The company is focusing on its "highest-returning businesses" in addition to cutting jobs
The Detroit, Mich.-based Ally Financial is exiting the mortgage origination business, as first reported by The Charlotte Observer. The holding company and financial services provider offers mortgage lending services through its digital-only banking subsidiary, Ally Bank.
Ally Financial was known as GMAC until 2010. A spokesperson for Ally Financial, Peter Gilchrist, told NMP in a statement that employees had been notified on Tuesday.
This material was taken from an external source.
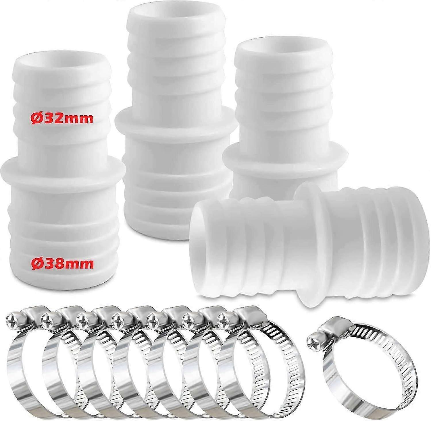 Set of 4 Swimming Pool Hose Connectors, Hose Connector with Clamps, 32 mm to 38 mm Diameter with 8 Clamps, Swimming Pool Hose Adapter, Hose Adapter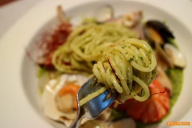 再將原有的醬汁加入蘿勒醬、義大利麵作拌炒讓義大利麵吸飽海鮮精華醬汁,再舖上海鮮

Gilchrist said the company will cease originations in the first quarter and "gradually run-off our remaining assets."
In an effort to "right-size" the company, Gilchrist said Ally Financial is "making the tough, yet necessary, decisions to guide our business into the future," which includes a heightened focus "on our strengths and our highest-returning businesses."
Ally Financial’s third-quarter 2024 earnings statement showed pre-tax income from mortgage finance-related operations as flat from the second quarter at $27 million, up only $1 million from the year prior.
Gilchrist added that they would "selectively reduce our workforce in some areas," impacting less than 5% of its approximately 11,000-person workforce, "while continuing to hire in our other areas of our business" as it looks for "strategic alternatives for our credit card business in the first quarter of this year.”
The company reported $256 million in direct-to-consumer (DTC) originations in the third quarter, $261 million in the second quarter, and $233 million in the first quarter, with existing deposit customers comprising more than 70% of its DTC production volumes in all three quarters.
"We are deeply committed to supporting those affected," Gilchrist said, "and are offering a robust severance package and career out-placement support, and those impacted will have the opportunity to apply for openings."